Bütün Elen beyleri, toplayıp güçlerini
Kaldırılan en güzel kadının öcü için
Toplanmıştı önünde Trova burçlarının.
İşitmedim henüz ben kent elde edildi mi,
Öc alınıp düşmandan amaca erildi mi.
Babamdı başlık eden Elenler ordusuna.
Boşuna bekliyordu ordu Tauris koyunda
Uygun bir yel essin de denize çıksın diye.

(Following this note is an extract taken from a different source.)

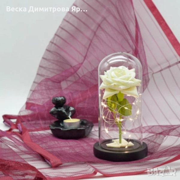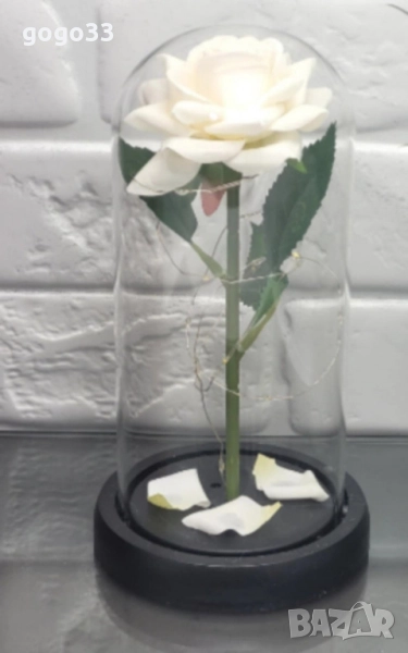 Бяла роза под стъклен купол - Вечна елегантност Цена: 20 лева(10.226 евро) Материали: Стъклен купол, дървена основа, синтетична роза; Осветление: LED светлини; Захранване: Батерии; Цвят на розата: Бял; Гаранция: 12 месеца.

Çünki Diana kızgındı büyük başbuğa, orda
Tuttu bu atılışı ve Kalchas'ın diliyle
İstedi ilk kızını kraldan kurban diye.
Aldatıp getirdiler evden anamla beni,
Gelip attılar orda kurban taşına beni,
Sundular adak diye başımı tanrıçaya.
Fakat yatışmıştı o, istemedi kanımı,
Kurtardı, aldı beni, kırmadı kanadımı,
Bir buluta sararak ırak etti gözlerden;
Ancak bu tapmakta göz açtım bu ölümden.
Benim o, Iphigenie, torunu Atreus'un,
Agamemnon'un kızı bu seninle görüşen,
Ve malı tanrıçanın, o beni mal edinen.
THOAS
Ne bir ayrı üstünlük, ne de bir fazla inan
Deminki yabancıya, şimdiki han kızından.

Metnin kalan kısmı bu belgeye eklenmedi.